Как вы наверняка уже догадались, гражданин Сыкин занимался мошенничеством. Не в особо крупных размерах, конечно, но все же… Следствие ему пока инкриминировало тринадцать эпизодов. Действовал гражданин Сыкин нагло, но осторожно. Работал только с пенсионерами. Он предлагал им стать членами Фонда помощи пенсионеров, заплатив небольшой стартовый взнос в размере двух тысяч рублей, оставлял визитку с несуществующим адресом и исчезал. А спустя пару дней уже обрабатывал другого наивного в совершенно ином районе.
Говорят, число «13» – несчастливое. Не знаю, по мне так тут дело не в числе, а в человеке. Хотя гражданин Сыкин не будет со мной согласен и вам подтвердит, что чертова дюжина действительно не приносит удачи. Ведь именно в эту попытку Сыкина угораздило нарваться на не в меру подозрительного и недоверчивого пенсионера. После проповеди сей пожилой господин не только ни отдал своих кровных, но и угостил гражданина мошенника ударом трости и вызвал полицию.
Наряд нашел гражданина Сыкина лежащим связанным на лестничной площадке. Как объяснил пенсионер – ему не хотелось грязь держать в своей квартире. От души посмеявшись, наряд забрал Сыкина с собой и доставил его в РУВД. Где его быстро опознали по уже месяц висевшему на стенде «Внимание, розыск!» фотороботу.

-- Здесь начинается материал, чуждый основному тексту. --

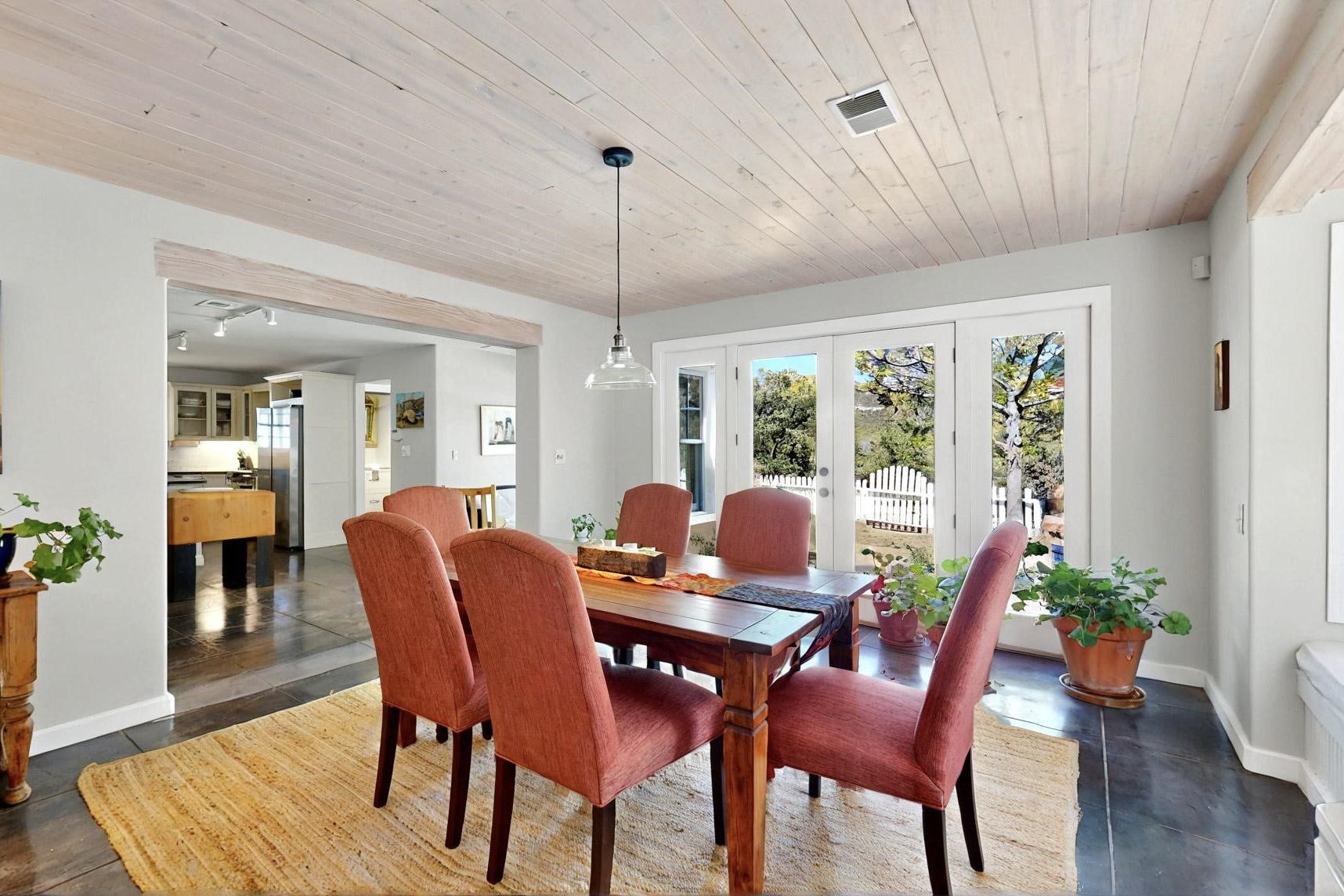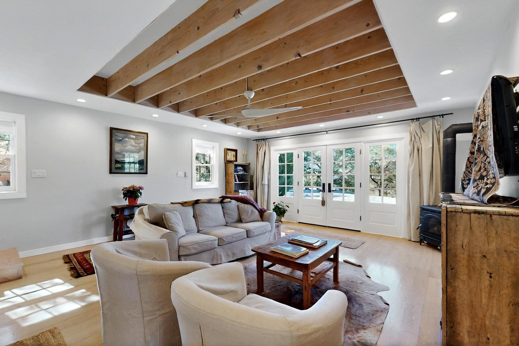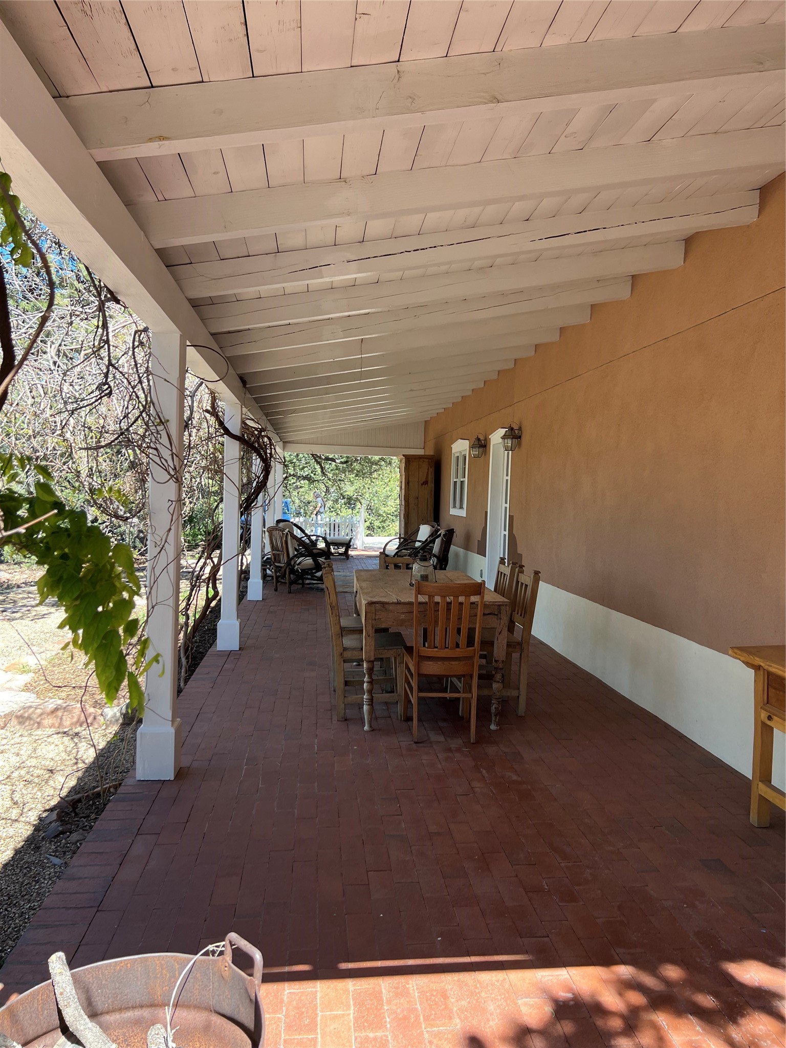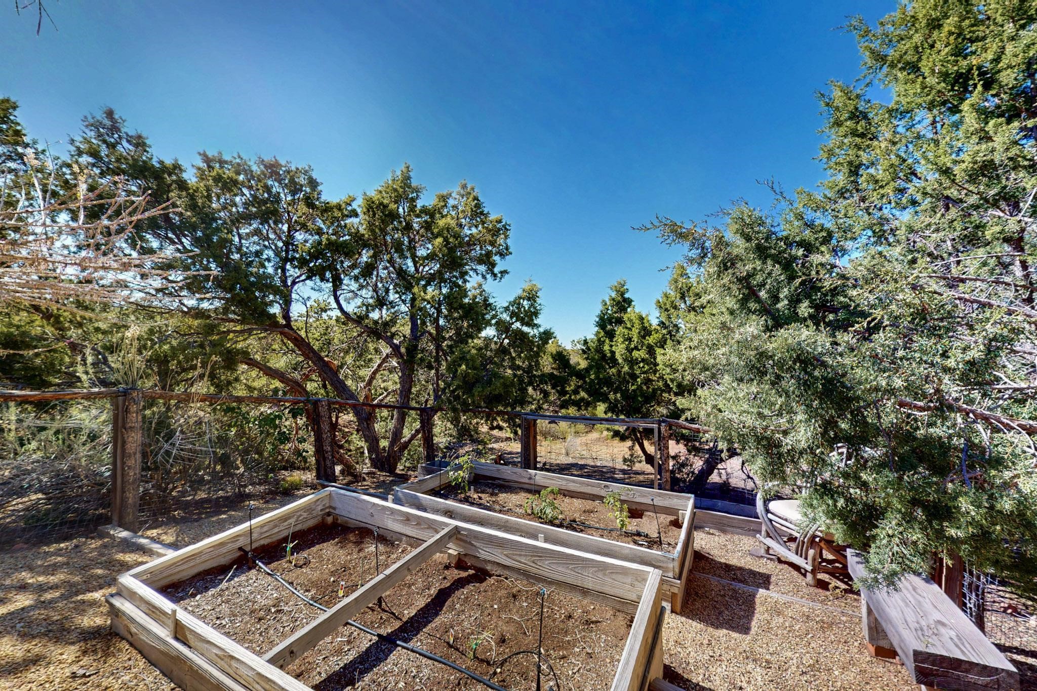 Romantic, Northern New Mexico style country compound nestled among the trees on the eastern flank of the Hondo Hills, on 7.4 acres only a few minutes drive to 3 sports clubs (including golf at Quail Run) and Santa Fe itself. With a nod to Betty Stewart, this pretty home, built by a structural engineer in 1987, has been extensively remodeled and expanded by the current architect owner to create this charming, peaceful haven. The main house construction uses Structural Insulated Panels (SIPs) making for a well insulated home, warm in winter and cool in summer. The first floor, with ample natural light from French doors and the many windows, flows serenely between the open plan kitchen/living/dining, a sunny office nook, a TV den and down the hallway to the chic primary suite with outside access to a shady brick patio. Upstairs beneath the tall pitched ceilings is a large office/occasional 3rd bedroom on one side and a large guest suite the other with a light filled sitting area between. A 10 ft wide portal spans the length of the house for outdoor enjoyment of the natural pinon woodland and views to the Jemez mountains to the NW, and north and east to the nearby foothills and rocky hilltops above the Old Santa Fe Trail. The nearby full guest house off the circular driveway, created in 2021, is a little gem entered through French doors to a delightful and cozy living room with a separate gourmet kitchen, a sunny dining room/studio (potential additional bedroom) and upstairs to the bedroom suite. This charming compound is completed by the new pitched roof studio hidden in the trees a short stroll from the main house. Gardeners will love the cottage garden in front of the main house and a fenced vegetable garden out back. Such a sweet home!

Следствие поручили Паниной, и она с успехом его раскручивала, несмотря на постоянные затыки со стороны подозреваемого. Гражданин Сыкин постоянно придумывал варианты, которые хоть немного, но тормозили работу нашей прелестной Насти. То он представлялся гражданином Латвии и требовал оповестить посольство о своем задержании; то уходил в отказ; то вообще требовал задержать того пенсионера, что ударил его тростью и связал, за нанесение телесных повреждений, неважно, какой тяжести.
Три недели билась уже с гражданином мошенником мелкого пошиба Панина, прежде чем Федотыч неожиданно принял решение прикрепить к следствию и меня. Зачем? У меня на это, как и у Насти, ответа не было. Доказательств против Сыкина было пруд пруди. Все тринадцать эпизодов. Потерпевшие опрошены, их свидетельства запротоколированы, у Сыкина не было ни единого шанса отвертеться. Саня полагал, что Федотыч решил сыграть роль сводника; якобы пару раз в прошлом у него это получалось. Я с такой точкой зрения был категорически не согласен и бегал от Паниной как от огня. И все потому, что она мне действительно нравилась. Но я не хотел мешать работу с личным. Научен был на горьком примере. Отцу в его время так и не удалось совместить и службу, и маму. Мама ушла, бросив нас с отцом, якобы потому, что он службу свою любил больше, чем жену. Мне было четырнадцать. С того момента я видел её всего раз. Сейчас она замужем за неким полковником из московского главка…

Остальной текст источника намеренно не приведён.